In tenth grade, seeing you made my stomach hurt. Your casual comments made my hands shake. Sneers made me go still. I liked listening to Elton John. You called him a fag. I listened to his music even more. I would sing along to “I’m Still Standing,” feeling powerful for those three minutes. Still, I looked at your face. The night of the big fight—the night that I wrote the letter—I stayed up in bed, staring at the ceiling, worrying about what your face would look like. The letter was sitting on the kitchen counter. Should I go back and tear it up? I wanted to throw up. I didn’t believe I would get any sleep. I woke up to you and Mama standing over the bed. She held the letter in her hands. There were tears in her eyes. I looked at your face. I looked at the shape of your lips and the curve of your brow. My eyes strained themselves reading— there, the jaw is hard, but, here, the lines are soft. What did that mean? Your eyes might have been pinpricks, but I couldn’t meet them. My heartbeat sickened me. We went over that letter point by point. We told each other we loved each other.
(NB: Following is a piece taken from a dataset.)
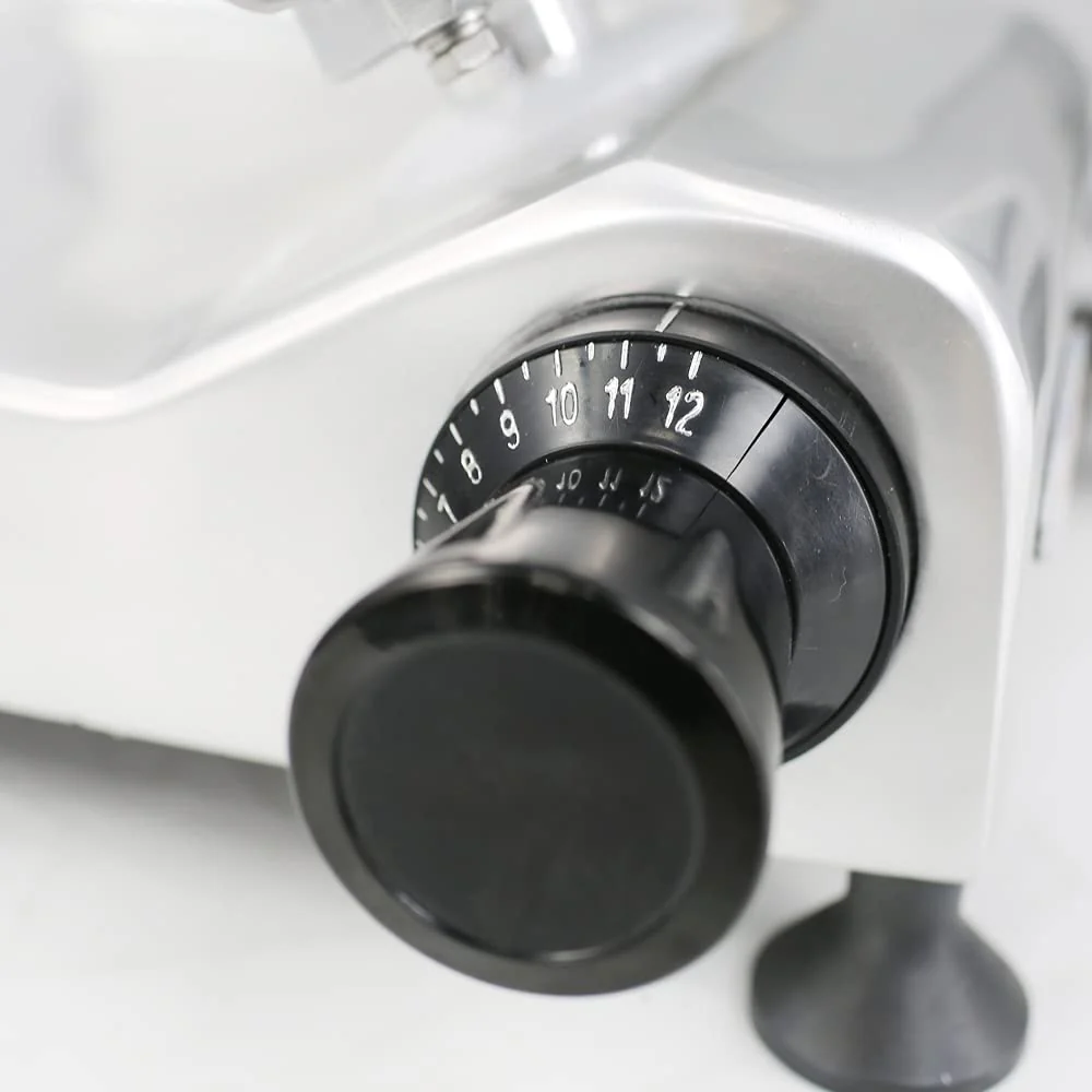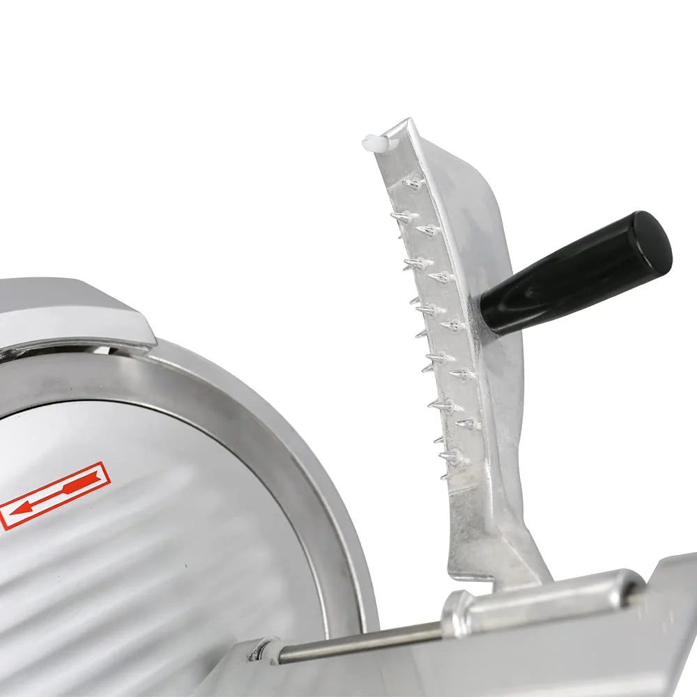 This semi-automatic slicer has a stainless steel blade and tray along with an aluminum body for lasting use, as it will resist corrosion and other rigors associated with commercial environments. With its 1/5 hp design, this slicer is perfect for the occasional slicing of fresh ingredients in the kitchen for sandwiches, pizzas, appetizers, or other specialty menu items. Thanks to its 10″ adjustable blade, this model can cut between 1/16″ to 5/8″ thick slices depending on your usage needs. This slicer comes with a built-in blade sharpener for further convenience, so you can keep it sharp and continue using it optimally. The included fixed ring guard also prevents unintentional contact with the blade so that you can prevent injuries and keep your staff safe.
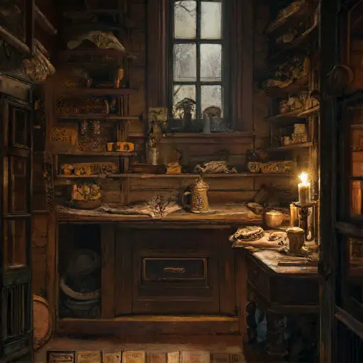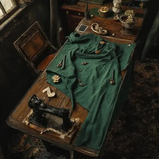 Clues from the furnished interiors evoke Edgar Lionel Davenport, born 1871 in Manchester, trained in modest draperies where precision was a quiet creed. In the Pattern Alcove, folded muslin drafts labeled in English script rest atop wooden slopers. His shears—heavy Sheffield steel—reflect years of dutiful service. Along a narrow shelf lie bundles of tailor’s canvas, each tagged with careful measurements, speaking of a man who worked with a disciplined calm, attentive to the subtle geometry of garments.

We loved each other. We loved each other. Maybe we were telling the truth. You agreed to let me see a therapist again. There were just two points we skipped over: I do not believe in Christianity. I like girls. Why did we skip over those? I think about it too much. I think about it because we never talk about it. Do you think I’m going to hell? Is it because it would hurt too much to say it aloud? You can tell me. Please, tell me. I’m still trying to read your face.

We played a family game of Life and I got the “get married” tile. I put another pink piece in the car. Nobody said anything. The shape of your lips did not make a smile, nor did they make a frown. Your brow was furrowed. I looked at your face and traced the lines with my eyes, divining a meaning that meant nothing and everything. Those lines are not my fate. I looked anyway. I love you, and I’m thinking about the look on your face.